Ignoring every picture, return the lines of the listing below word for word, from the line that holds "近期,交建分公司黨支部開展黨" through the line that holds "Ãæ³²¼ºÎº¸ÈÆÁöû ±¹°¡À¯°øÀÚ ¿ì¼±ÁÖÂ÷±¸¿ª".

» **Data supplied**:
<<<<

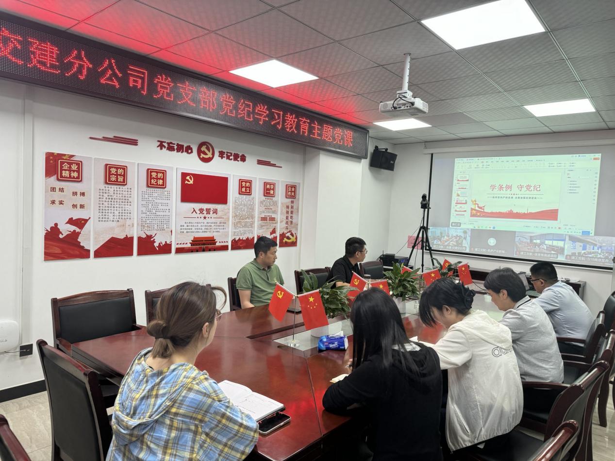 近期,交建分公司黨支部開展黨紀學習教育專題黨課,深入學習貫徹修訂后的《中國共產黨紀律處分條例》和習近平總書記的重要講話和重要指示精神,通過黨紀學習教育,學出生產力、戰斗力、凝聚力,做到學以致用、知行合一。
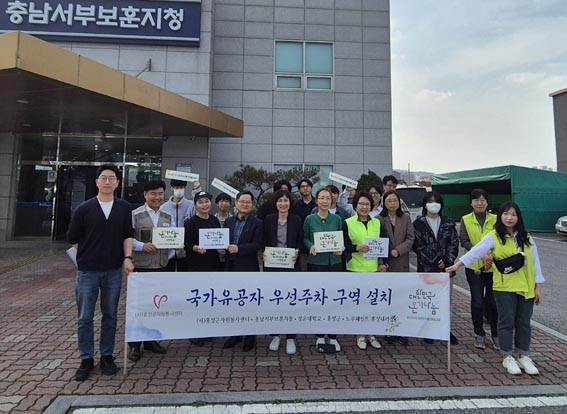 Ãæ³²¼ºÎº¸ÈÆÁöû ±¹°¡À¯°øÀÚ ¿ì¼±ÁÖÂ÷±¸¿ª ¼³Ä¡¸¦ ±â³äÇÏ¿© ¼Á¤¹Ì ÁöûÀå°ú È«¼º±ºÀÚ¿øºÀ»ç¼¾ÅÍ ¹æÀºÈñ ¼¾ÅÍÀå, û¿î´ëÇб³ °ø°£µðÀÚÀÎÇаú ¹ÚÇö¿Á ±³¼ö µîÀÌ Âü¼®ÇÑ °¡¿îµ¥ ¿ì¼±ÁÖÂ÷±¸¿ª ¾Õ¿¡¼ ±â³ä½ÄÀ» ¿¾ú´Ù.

>>>>
<<<<

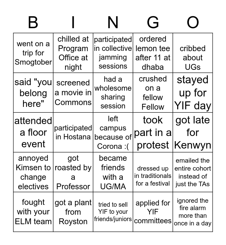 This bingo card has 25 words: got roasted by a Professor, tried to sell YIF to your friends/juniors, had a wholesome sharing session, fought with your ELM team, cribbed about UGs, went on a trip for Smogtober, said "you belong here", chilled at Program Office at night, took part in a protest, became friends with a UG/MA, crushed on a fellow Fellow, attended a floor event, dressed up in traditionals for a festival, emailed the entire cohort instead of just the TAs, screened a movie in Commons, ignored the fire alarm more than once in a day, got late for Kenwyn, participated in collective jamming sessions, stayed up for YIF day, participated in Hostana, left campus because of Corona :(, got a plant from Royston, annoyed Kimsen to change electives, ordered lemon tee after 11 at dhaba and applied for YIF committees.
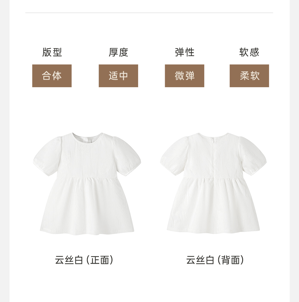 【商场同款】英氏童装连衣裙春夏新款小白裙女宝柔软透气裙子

>>>>

» **Answer to the exercise**:
 近期,交建分公司黨支部開展黨紀學習教育專題黨課,深入學習貫徹修訂后的《中國共產黨紀律處分條例》和習近平總書記的重要講話和重要指示精神,通過黨紀學習教育,學出生產力、戰斗力、凝聚力,做到學以致用、知行合一。
 Ãæ³²¼ºÎº¸ÈÆÁöû ±¹°¡À¯°øÀÚ ¿ì¼±ÁÖÂ÷±¸¿ª ¼³Ä¡¸¦ ±â³äÇÏ¿© ¼Á¤¹Ì ÁöûÀå°ú È«¼º±ºÀÚ¿øºÀ»ç¼¾ÅÍ ¹æÀºÈñ ¼¾ÅÍÀå, û¿î´ëÇб³ °ø°£µðÀÚÀÎÇаú ¹ÚÇö¿Á ±³¼ö µîÀÌ Âü¼®ÇÑ °¡¿îµ¥ ¿ì¼±ÁÖÂ÷±¸¿ª ¾Õ¿¡¼ ±â³ä½ÄÀ» ¿¾ú´Ù.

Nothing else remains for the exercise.